API

This this is the full API reference of all public methods.

Metrics

irmetrics.topk.ap(y_true, y_pred, k=None, relevance=<function multilabel>)

Compute Average Precision score(s). AP is an aproximation of the integral over PR-curve.

Parameters
y_truescalar, iterable or ndarray of shape (n_samples, n_labels)

True labels of entities to be ranked. In case of scalars y_pred should be of shape (1, n_labels).

y_prediterable, ndarray of shape (n_samples, n_labels)

Target labels sorted by relevance (as returned by an IR system).

kint, default=None

Only consider the highest k scores in the ranking. If None, use all outputs.

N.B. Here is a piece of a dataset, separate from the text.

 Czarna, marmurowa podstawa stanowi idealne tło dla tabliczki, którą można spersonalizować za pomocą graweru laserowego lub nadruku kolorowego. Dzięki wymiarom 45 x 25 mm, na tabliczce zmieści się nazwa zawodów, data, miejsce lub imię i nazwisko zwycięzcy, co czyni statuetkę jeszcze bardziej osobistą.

The minimum between the nuber of correct answers and k will be used to compute the score.

relevancecallable, default=topk.relevance.multilabel

A function that calculates relevance judgements based on input y_pred and y_true.

Returns
apfloat

The average precision for a given sample.

References

Wikipedia entry for Mean Average Precision

Examples

>>> from irmetrics.topk import ap

for ground-truth labels related to a query:

>>> y_true = 1

and the predicted labels by an IR system:

>>> y_pred = [1, 0, 0]
>>> ap(y_true, y_pred)
0.3333333333333333
>>> # This should be fixed
>>> y_true = [1, 4, 5]

and the predicted labels by an IR system:

>>> y_pred = [1, 2, 3, 4, 5]
>>> ap(y_true, y_pred)
array([0.2, 0. , 0. ])
irmetrics.topk.dcg_score(relevance, k=None, weights=1.0)

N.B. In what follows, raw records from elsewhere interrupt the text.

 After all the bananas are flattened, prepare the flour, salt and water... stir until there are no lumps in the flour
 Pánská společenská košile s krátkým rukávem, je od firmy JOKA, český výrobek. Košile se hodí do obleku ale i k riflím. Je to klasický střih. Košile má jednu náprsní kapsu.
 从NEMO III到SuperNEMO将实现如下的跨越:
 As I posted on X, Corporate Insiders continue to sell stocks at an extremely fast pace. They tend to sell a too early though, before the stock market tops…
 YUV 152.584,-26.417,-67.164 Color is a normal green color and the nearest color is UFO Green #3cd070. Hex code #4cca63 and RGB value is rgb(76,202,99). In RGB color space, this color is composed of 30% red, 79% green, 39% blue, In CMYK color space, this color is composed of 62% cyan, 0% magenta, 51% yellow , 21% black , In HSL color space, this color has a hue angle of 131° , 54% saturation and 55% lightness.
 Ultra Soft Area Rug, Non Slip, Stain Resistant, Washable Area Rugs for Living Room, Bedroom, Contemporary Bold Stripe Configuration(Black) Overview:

Compute Discounted Cumulative Gain score(s) based on relevance judgements provided.

This is provided as internal implementation for ndcg for this reason the API for this function slightly differ: it alawyas accepts and outputs np.arrays, unlike other methos in this module.

Parameters
relevanceiterable or ndarray of shape (n_samples, n_labels) or simply

(n_labels,). The last dimension of the parameter is used as position. The relevance judgements provided by experts.

weightsdefault=1.0, scalar, iterable or ndarray of shape (n_samples,)

takes into account the importance of each sample, if relevant.

kint, default=None

Only consider the highest k scores in the ranking. If None, use all outputs.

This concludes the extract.